Beauvericin is a mycotoxin with antiviral, antibacterial, nematicidal, insecticidal, cytotoxic, and apoptotic activity. Similar to nucleated cells erythrocytes may undergo suicidal death or eryptosis, which is characterized by cell shrinkage and phosphatidylserine exposure at the erythrocyte surface. Eryptosis may be triggered by energy depletion leading to increase of cytosolic Ca²+ activity. The present study thus explored whether beauvericin is able to trigger eryptosis and influence eryptosis following energy depletion. Cell membrane scrambling was estimated from binding of annexin V to phosphatidylserine at the erythrocyte surface, cell volume from forward scatter in FACS analysis, cytosolic Ca²+ concentration from Fluo3 fluorescence, cytosolic ATP concentration from a luciferase-assay and ion channel activity with whole cell patch clamp. Exposure to beauvericin (≥ 5 μM) significantly decreased erythrocyte ATP concentration and increased cytosolic Ca²+ concentration as well as annexin V-binding. The effect of beauvericin on annexin V binding was significantly blunted by removal of extracellular Ca²+. Glucose depletion (48 h) was followed by, increase of Fluo3 fluorescence, decrease of forward scatter and increase of annexin V-binding. Beauvericin (≥ 1 μM) augmented the effect of glucose withdrawal on Fluo3 fluorescence and annexin V-binding, but significantly blunted the effect of glucose withdrawal on forward scatter, an effect paralleled by inhibition of Ca²+ activated K+ channels. The present observations disclose novel effects of beauvericin, i.e. stimulation of Ca²+ entry with subsequent cell membrane scrambling and inhibition of Ca²+ activated K+ channels with blunting of cell shrinkage.

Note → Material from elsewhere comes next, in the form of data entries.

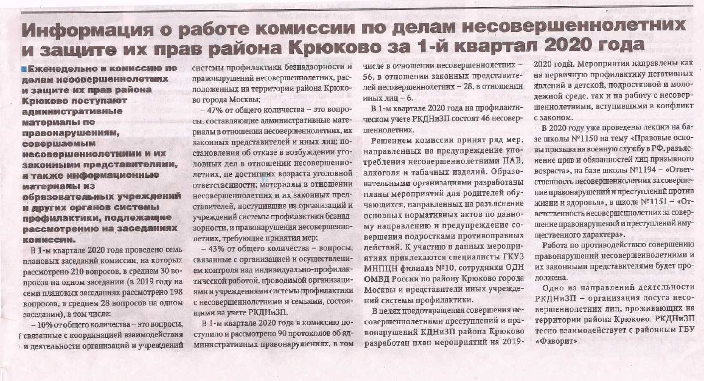 Информация о работе комиссии по делам несовершеннолетних и защите их прав района Крюково за 1-й квартал 2020 года
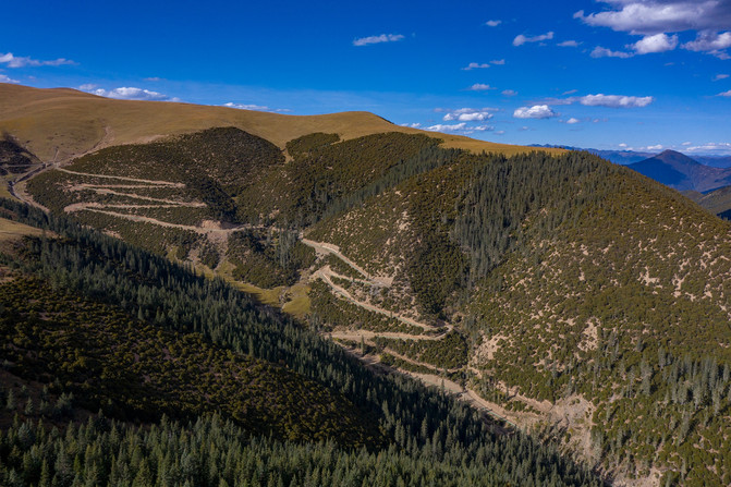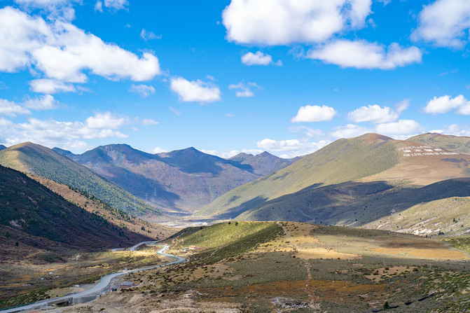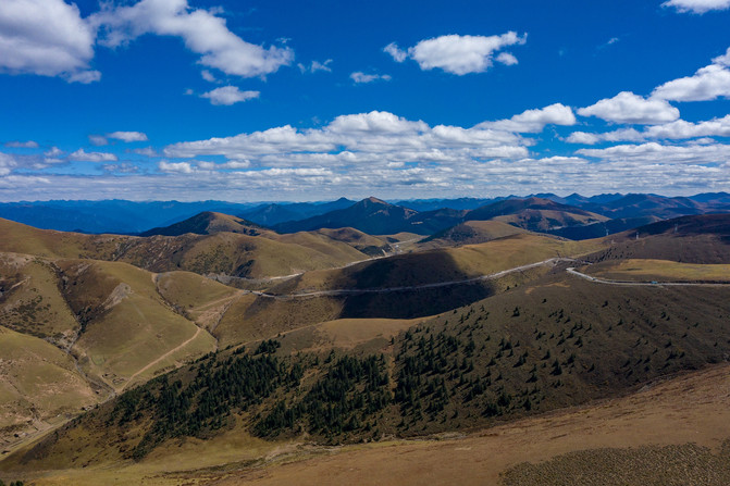 没走多远就开始进入盘山路了,很多的环形的大桥,一圈一圈地,刚开始开的时候还是有一点点紧张的。行至半山腰,回望雅江的方向,好美啊。云朵如洁白的棉絮散落在山间,极目远望峰峦叠嶂,千峰竞秀,树绿如茵。
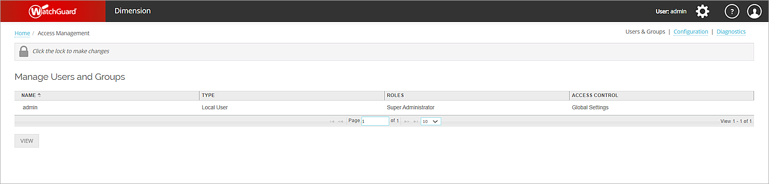 The Manage Users and Groups page opens. - To unlock the configuration, click
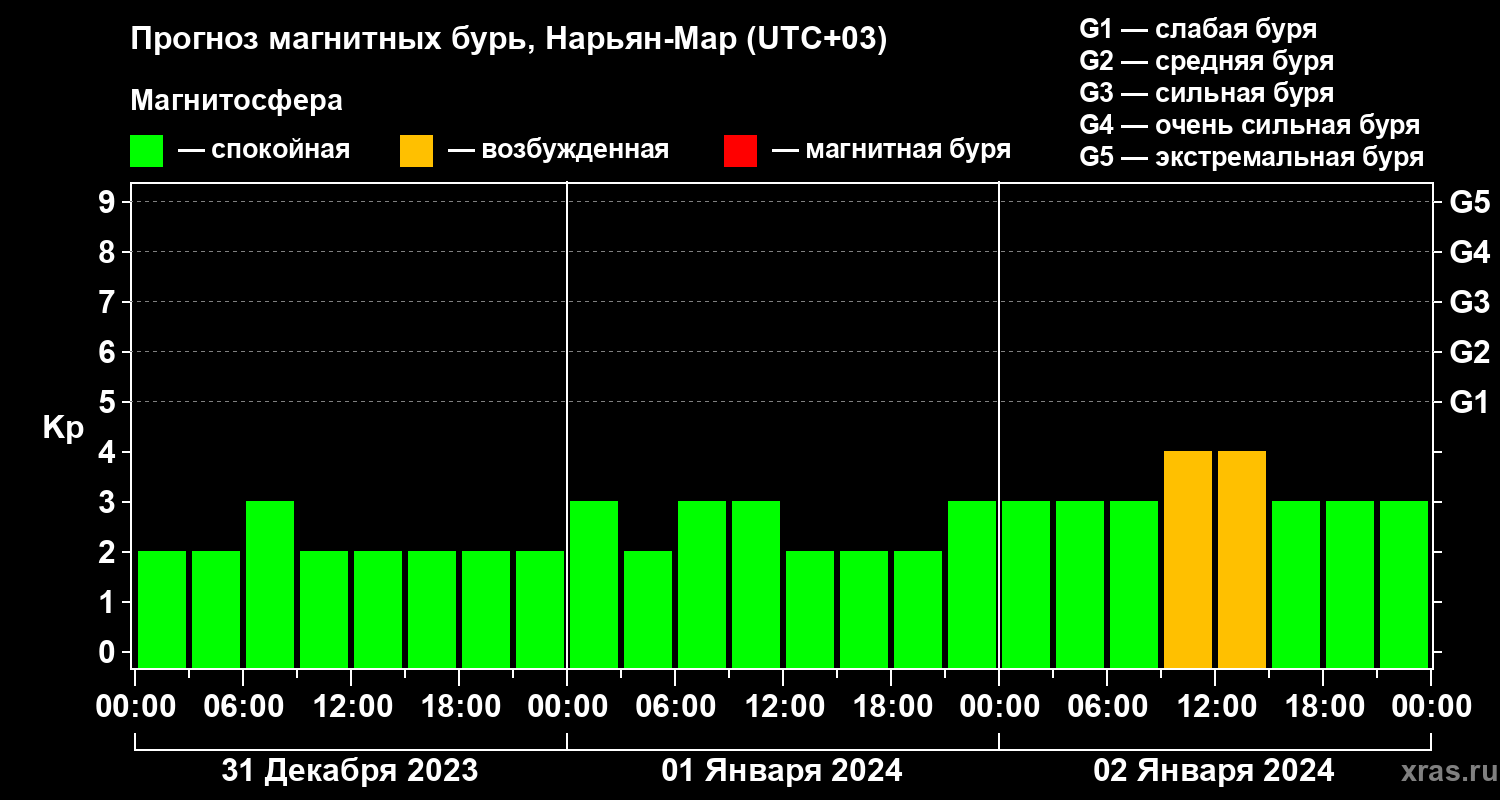 Прогноз магнитных бурь в Нарьян-Маре на 31 декабря 2023 года
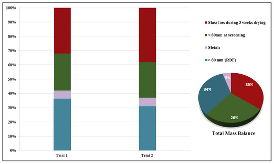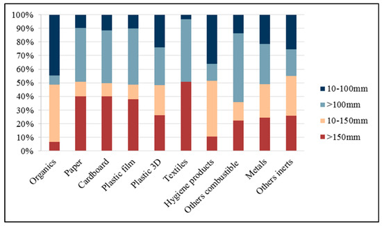 Waste Categories: Material classification was carried out on the basis of the “Methodology for the Analysis of Solid Waste” by the European Commission [28]. A screen unit with 100 mm and 150 mm measurements was used to screen the waste to fractions <100 mm and >100 mm for trial 1 and fractions <150 mm and >150 mm for trial 2, to record the size distribution of the waste.
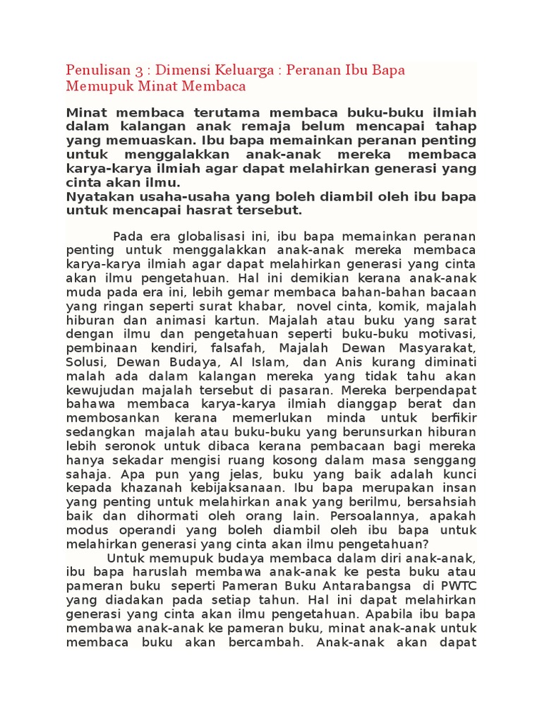 Peranan Ibu Bapa Dalam Memupuk Semangat Membaca Dalam Kalangan Remaja

Beauvericin and enniatin: emerging toxins and/or remedies?

Beauvericin (BEA) and enniatins (ENN) are emerging Fusarium mycotoxins that are known to contaminate food and feed. BEA- and ENN-mediated cytotoxicity towards various mammalian and cancer cell lines is only partly understood yet and engages several cellular targets and molecular mechanisms. Thus, the channel forming ability of BEA and ENN selectively directs a flux of cations – particularly calcium – into the cell. The resulting increased intracellular calcium levels might be at least in part responsible for their cytotoxicity. Additionally, BEA and ENN activate programmed cell death via the internal mitochondrial pathway (release of cytochrome c, activation of pro-apoptotic proteins such as Bax and activation of caspases). Several cellular signalling pathways and regulators are influenced by these fusariotoxins including MAPK, NF-κB and p53. The in vitro cytotoxicity implicates that these compounds could be potentially used as cancer therapeutics. However, considering their high prevalence in grains destined for consumption, also potential systemic toxicity towards humans and animals has to be considered. Interestingly, the few studies that have addressed this issue in animals so far predominantly reported minor effects at least as far as acute toxicity is concerned. However, consequences especially of chronic exposure but also at pharmacologically active doses in humans/animals have not been explored in detail. Nevertheless, both compounds exhibit interesting pharmacological characteristics (as they are cytotoxic especially to cancer cells, inhibit drug efflux pumps, are non-mutagenic, inhibit bone resorption) which suggest them as potential drug candidates to fight disseminated cancer. Thus, detailed studies on the consequences of chronic and bolus BEA and ENN exposure are eagerly needed.